**Supplied data**
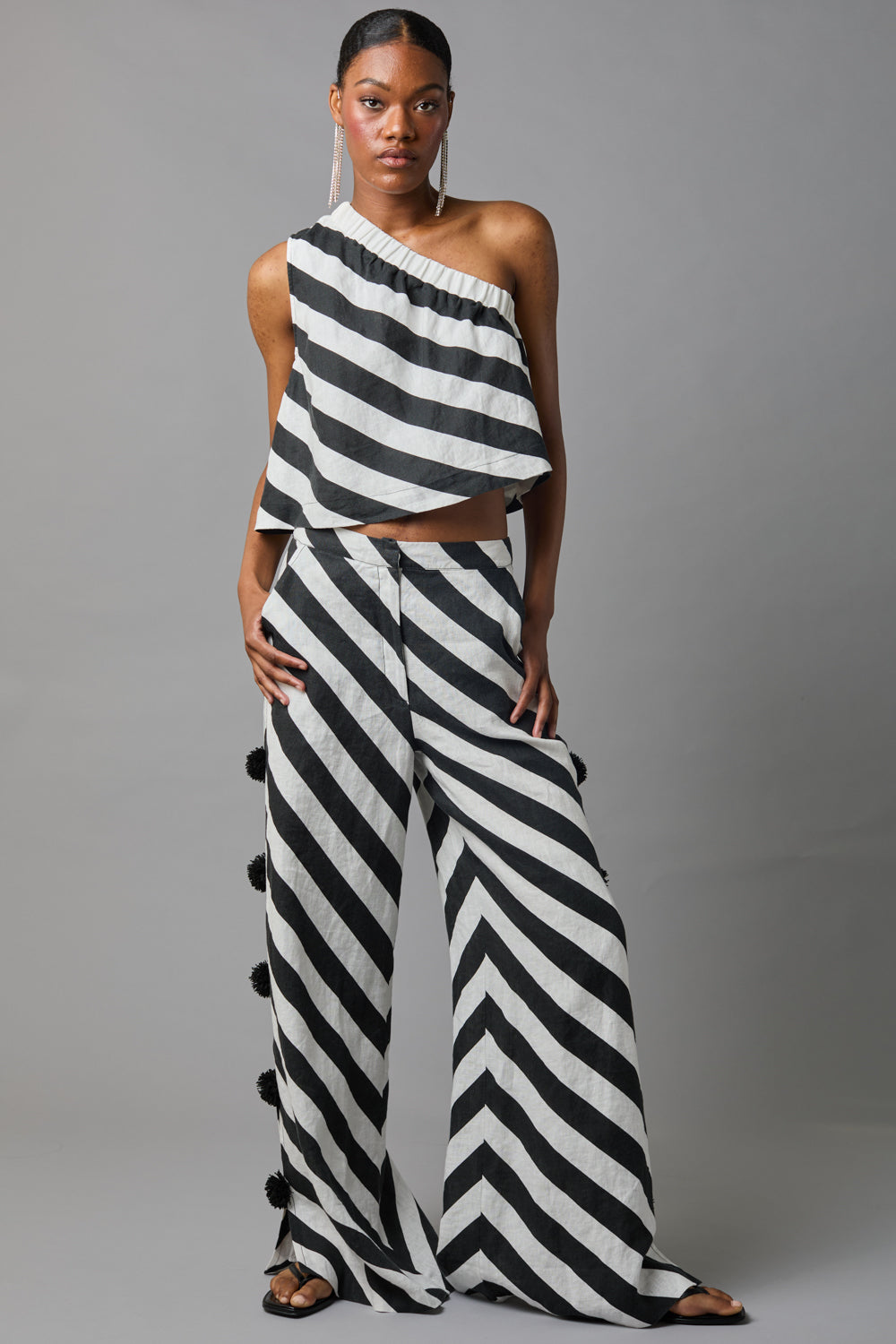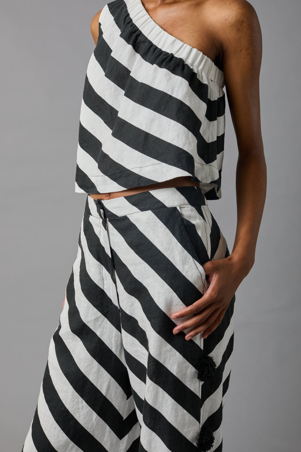 • Easy, one shoulder top has an elasticated neckline and gently flaring shell body.
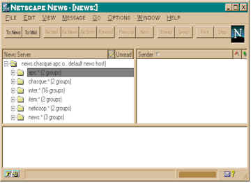 Una vez configurado el programa con los datos de Chasque, para ver los distintos "Grupos de Noticias" debes ingresar a donde dice "Window" o "Ventana" y hacer click en "Netscape News" o "Noticias de Netscape".
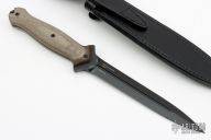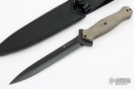The Steel Will Fervor 1201 is a tactical double-edged dagger. A striking feature of this knife is its symmetry. On the logo and the specifications on the blade are perfectly equal on both sides. The blade is made of Austrian Böhler N690Co steel, which is very well-known. The black ASPIS MIL-DTL-13924 military coating reflects does not reflect, which can be expected from a tactical knife. The micarta handle, made with 3D technique, provides plenty of grip and looks very nice. Micarta is a composite material made of canvas and resin. It even gives a lot of grip in wet conditions or when wearing gloves. The material is porous and may discolor by moisture or sweaty hands. This gives the knife a really unique look. Comes with original box and sheath. Excellent condition.
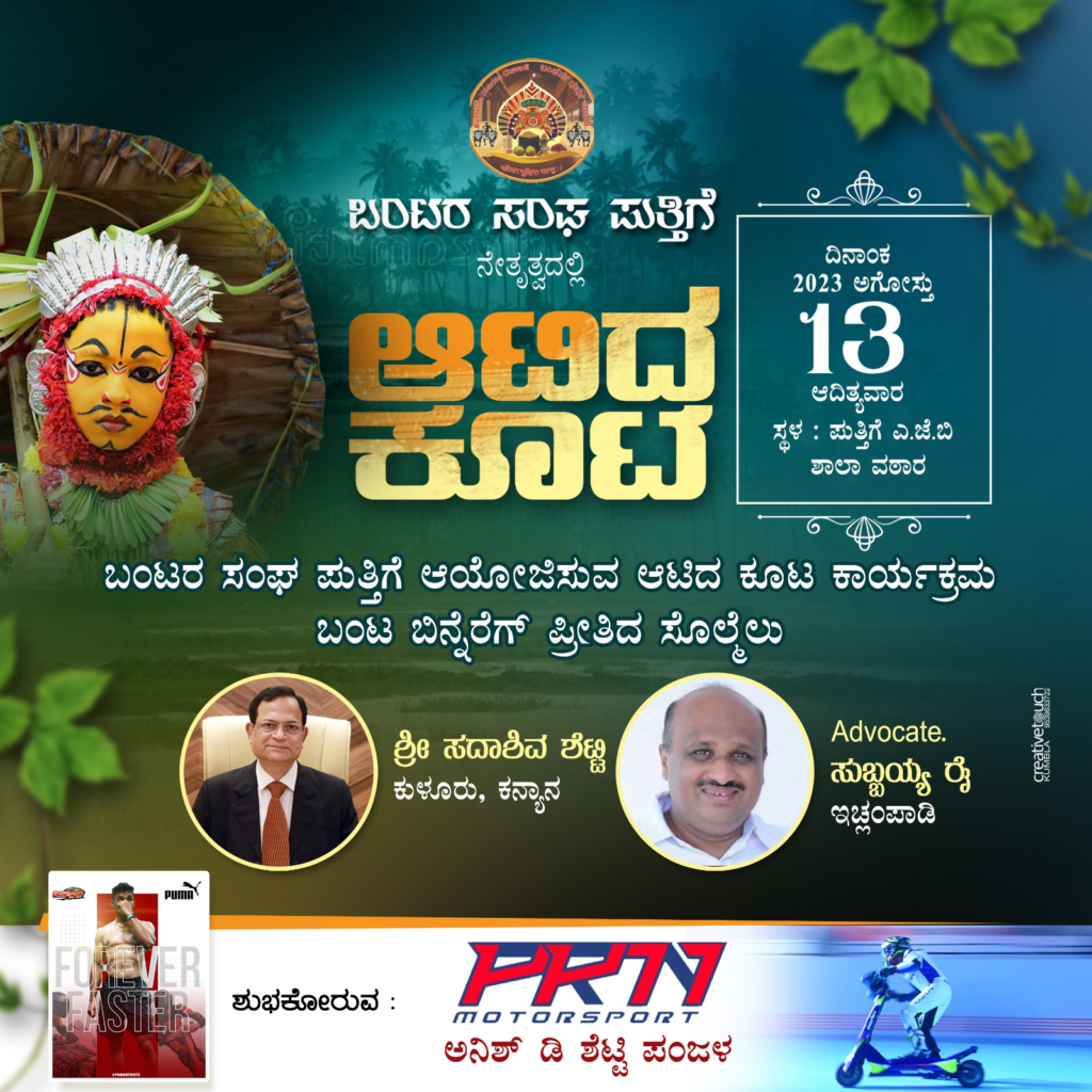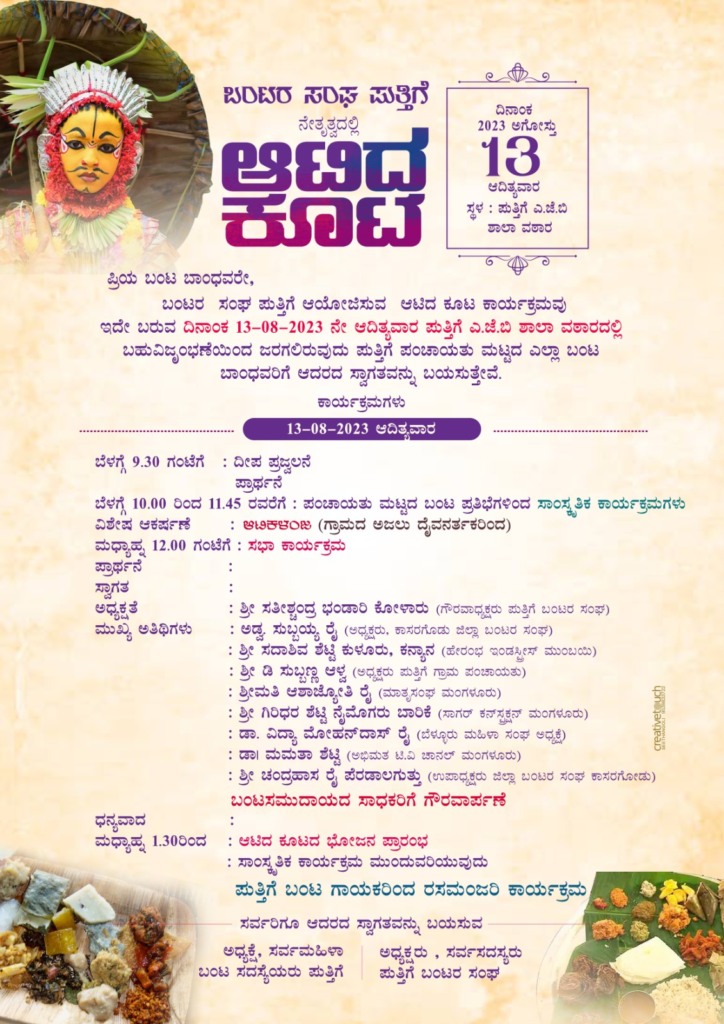 ಬಂಟರ ಸಂಘ ಪುತ್ತಿಗೆ ನೇತೃತ್ವದಲ್ಲಿ ಇದೇ ಬರುವ ಆ.13 ರಂದು ‘ಆಟಿದಕೂಟ ಕಾರ್ಯಕ್ರಮವು ಪುತ್ತಿಗೆ ಎಜೆಬಿ ಶಾಲಾ ವಠಾರದಲ್ಲಿ ಅದ್ದೂರಿಯಾಗಿ ನಡೆಯಲಿದೆ.

**Goal of the exercise**
The data is to be returned exactly as it stands, pictures aside.

**Output for this task**
 • Easy, one shoulder top has an elasticated neckline and gently flaring shell body.
 Una vez configurado el programa con los datos de Chasque, para ver los distintos "Grupos de Noticias" debes ingresar a donde dice "Window" o "Ventana" y hacer click en "Netscape News" o "Noticias de Netscape".
The Steel Will Fervor 1201 is a tactical double-edged dagger. A striking feature of this knife is its symmetry. On the logo and the specifications on the blade are perfectly equal on both sides. The blade is made of Austrian Böhler N690Co steel, which is very well-known. The black ASPIS MIL-DTL-13924 military coating reflects does not reflect, which can be expected from a tactical knife. The micarta handle, made with 3D technique, provides plenty of grip and looks very nice. Micarta is a composite material made of canvas and resin. It even gives a lot of grip in wet conditions or when wearing gloves. The material is porous and may discolor by moisture or sweaty hands. This gives the knife a really unique look. Comes with original box and sheath. Excellent condition.
 ಬಂಟರ ಸಂಘ ಪುತ್ತಿಗೆ ನೇತೃತ್ವದಲ್ಲಿ ಇದೇ ಬರುವ ಆ.13 ರಂದು ‘ಆಟಿದಕೂಟ ಕಾರ್ಯಕ್ರಮವು ಪುತ್ತಿಗೆ ಎಜೆಬಿ ಶಾಲಾ ವಠಾರದಲ್ಲಿ ಅದ್ದೂರಿಯಾಗಿ ನಡೆಯಲಿದೆ.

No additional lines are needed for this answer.